Ich mustere den Raum und bin von der heimeligen Atmosphäre gefangen, die von jemandem erzeugt wird, der in manchem zentraleuropäischen Land nicht einmal eine Genehmigung für ein Lokal erhalten hätte. Mit ihrem braunen, krempigen Lederhut und dem kundigen Griff ihrer geschickten Hände ist sie ein Unikat. Ihre latente Bereitschaft, alles so zu richten, wie es ihren Gästen guttut, unterscheidet sich von der herablassenden Haltung blasierter oder genervter Kellner und Manager in so manch noblerem Etablissement, deren ich schon ungezählte in vielen Ländern besucht habe.

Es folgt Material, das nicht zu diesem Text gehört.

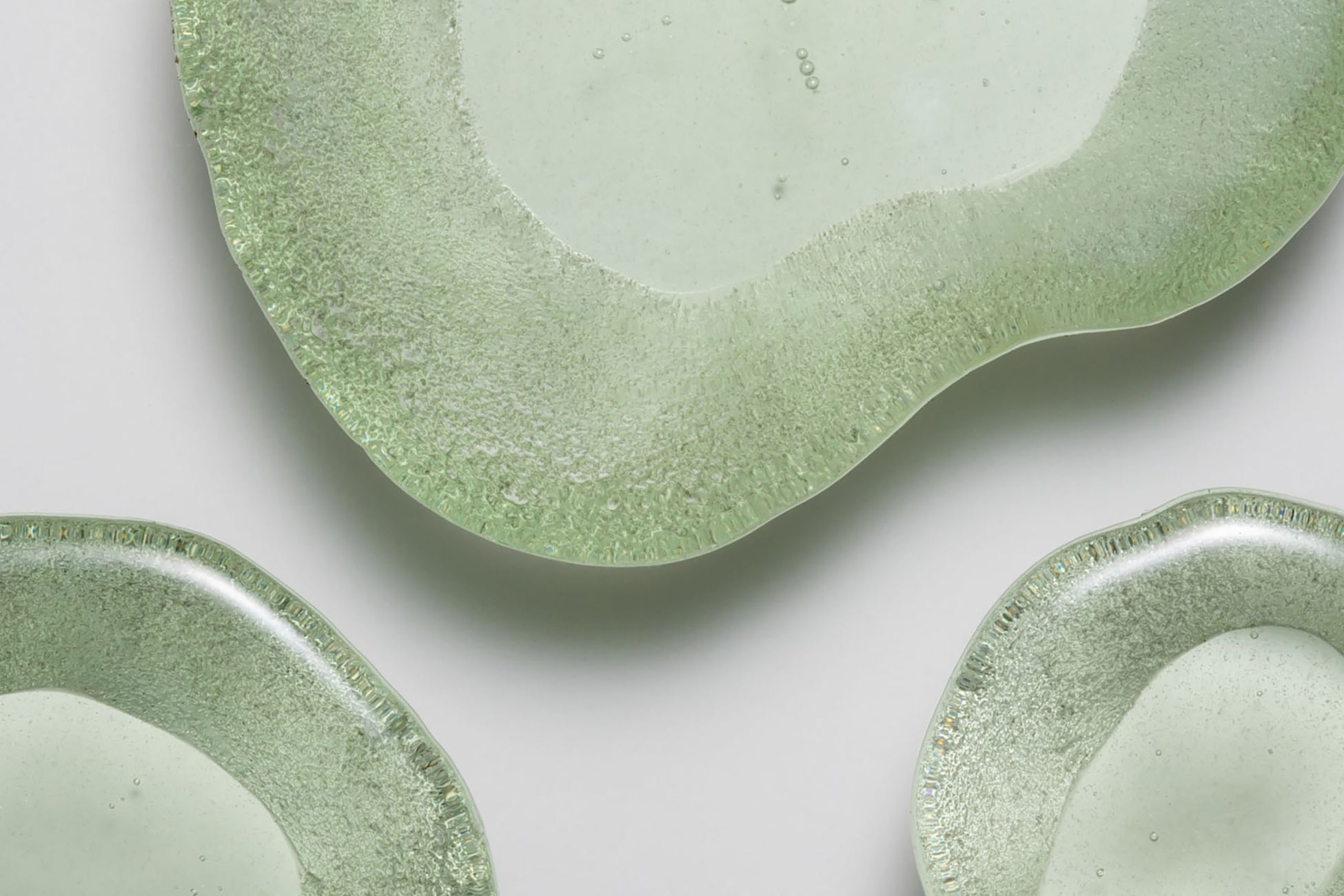 series 「sea」は、STUDIO RELIGHTの活動の魅力を、ambiがシリーズ作品として具現化する試みです。STUDIO RELIGHTの母体株式会社サワヤで適正処理された廃蛍光灯リサイクルガラスを材料に用い、リサイクルガラス特有の「色」や「気泡」を活かすために鋳造による塊形状をベースにガラスを成形しました。それぞれの作品ごとにシリーズタイトルである「sea」の様々なシーンを切取り、表現しました。
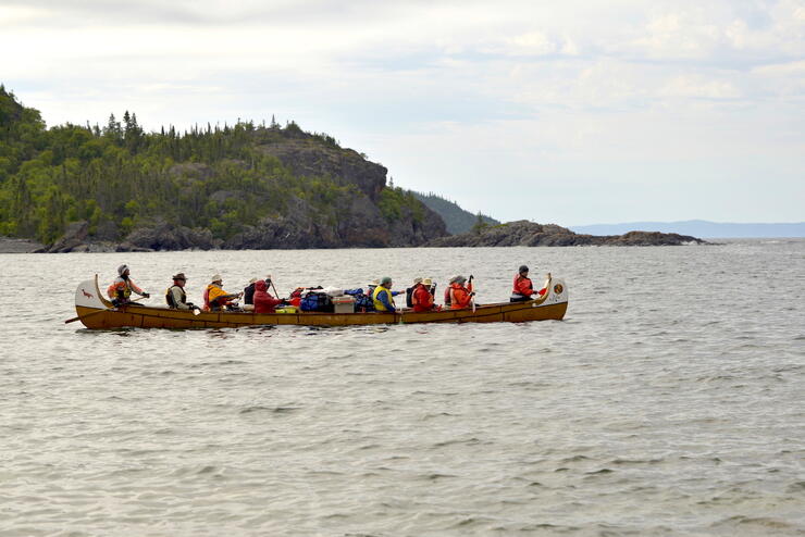 Note: A funny coincidence—Becky Mason, Bill's daughter, just happened to be paddling by in a voyageur canoe (pictured below) while I was at Otter Head. Read about her adventure on the Pukaskwa coast.
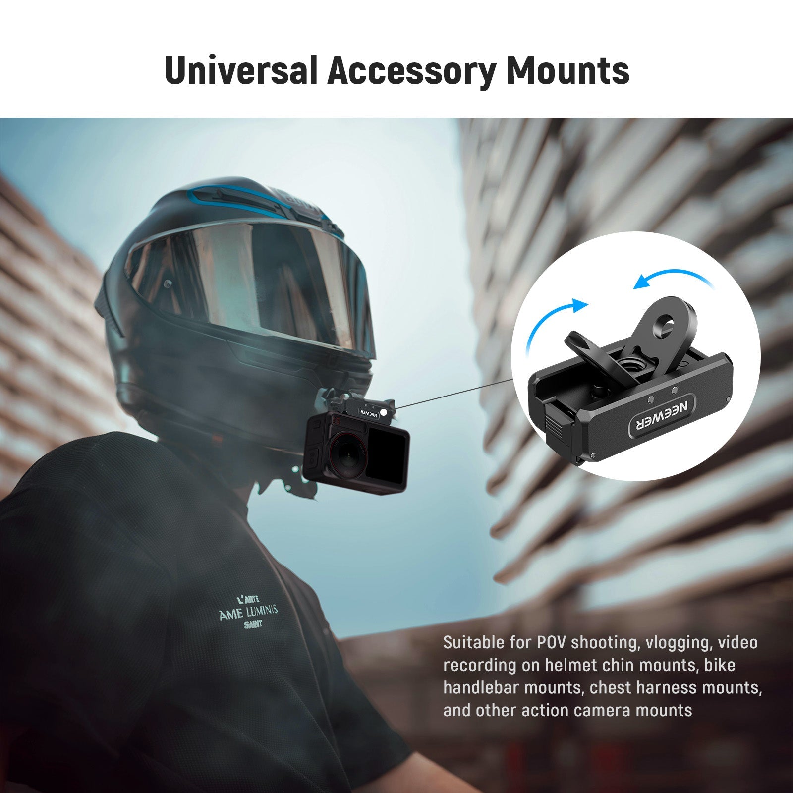 • Supports universels pour accessoires - Adaptateurs pliables compatibles avec la plupart des accessoires de caméras d'action, idéaux pour les prises de vue subjectives, le vlogging, l'enregistrement vidéo sur mentonnière de casque, guidon de vélo, harnais de poitrine, etc.
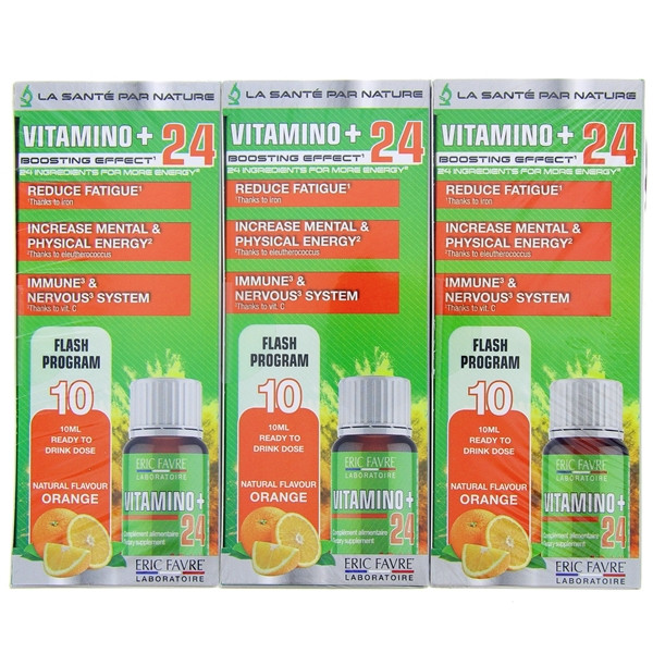 Vitamino+ 24 du laboratoire Eric Favre est un programme flash pour un effet coup de fouet à base de 24 vitamines. Ce complément alimentaire permet de réduire la fatigue, d'augmenter l'énergie mentale et physique et de soutenir le système immunitaire et nerveux.
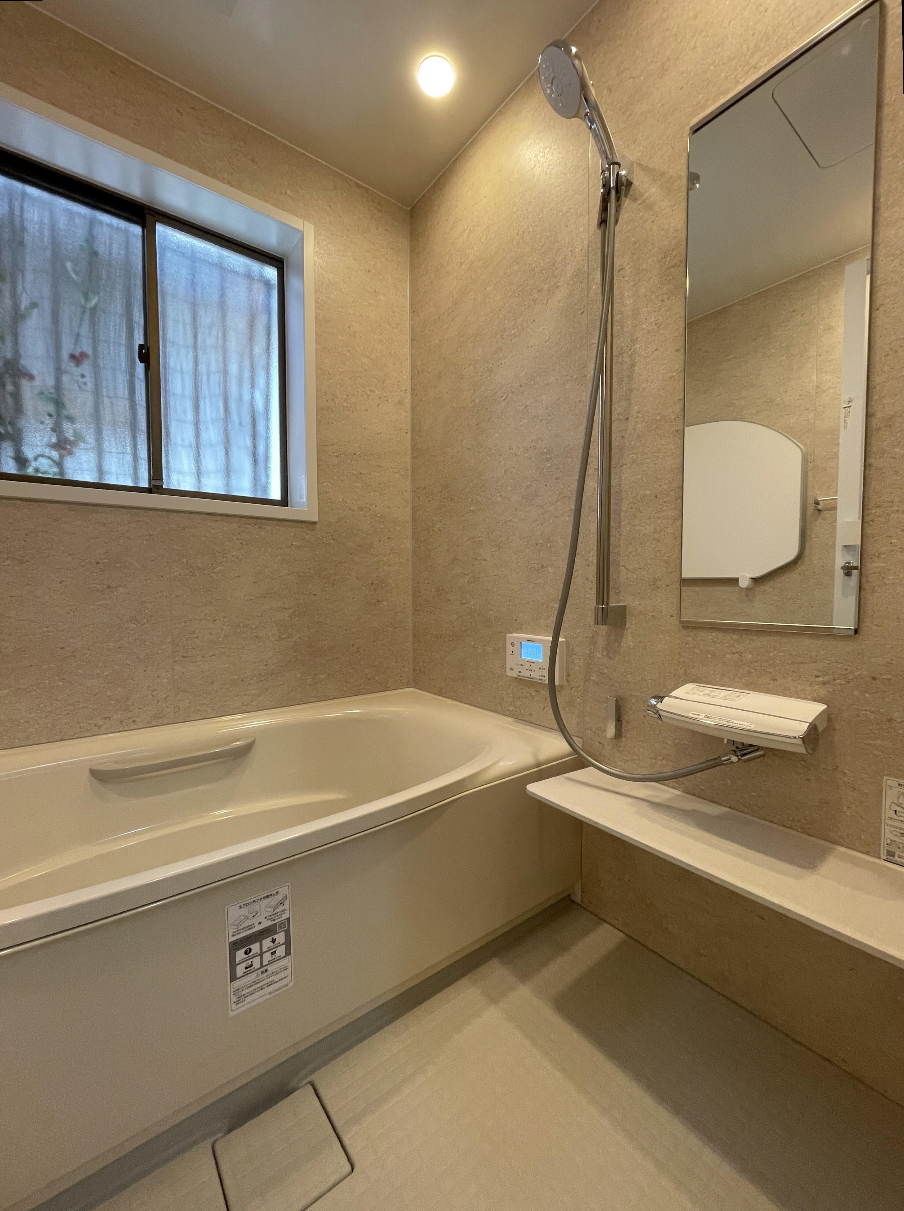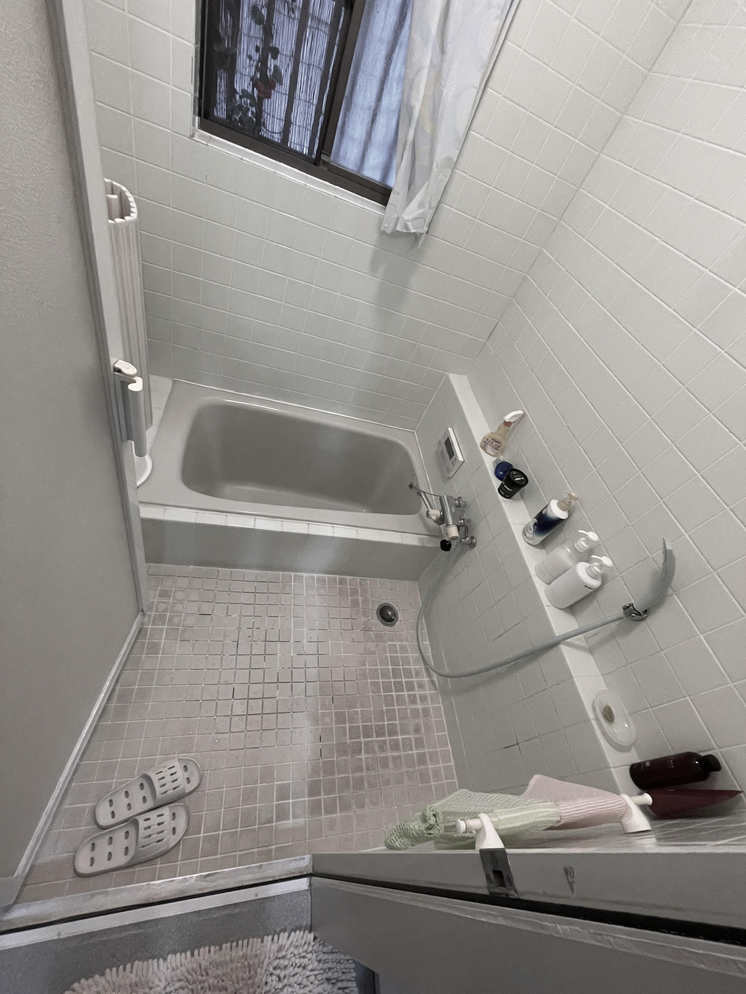 在来の浴室からシステムバスへのリフォームです。 お風呂に足を踏み入れた瞬間、ヒヤッと冷たさが堪えるタイルの床は、キレイサーモフロアを採用して、足裏から逃げる熱を少なくし、冷たさを感じにくくなりました。

Dem Verdruss, der sich in der Öffentlichkeit deutscher Befindlichkeiten derzeit entwickelt, setzt sie hier ihre unbändige Lust entgegen, zu gestalten. Ungehemmt von zahllosen ordnungs- und andersrechtlichen Bestimmungen – fraglos zugleich ungeschützter vor Risiken – schafft sie ihre Unternehmerinnenwelt. Ohne lange darüber nachzudenken, ob sie es denn kann, darf oder langfristig erfolgreich bewältigen wird.
Unternehmerischer Mut, Intelligenz und Kreativität – das sind ihre Instrumente, durchzusetzen, was sie in ihrem Kopf visionär vorsortiert hat. Mit Liebe zur Sache und zu den Menschen, die sie bewirten will. Im letzten Jahr schwer an Corona erkrankt, hatte das ganze Dorf Geld für Angi gesammelt, um die beträchtlichen Aufwendungen der Ärzte zu decken, die ihr letztlich das Leben retteten. Wie ich erfuhr, waren das nicht nur Spenden betuchter Mexikaner; selbst die wahrhaft nicht wohlhabenden Nachbarn und Freunde trugen dazu bei.
Was bilden wir uns zuweilen ein, zu meinen, junge Menschen in weniger hochgezüchteten Gemeinwesen, hätten weder Chance noch Hoffnung, etwas zu schaffen, das Bestand hat? Sie tun es in aller Selbstverständlichkeit und kämpfen voller Begeisterung, verbunden mit all den Gefahren unternehmerischen Tuns – und der Erfolg gibt ihnen recht.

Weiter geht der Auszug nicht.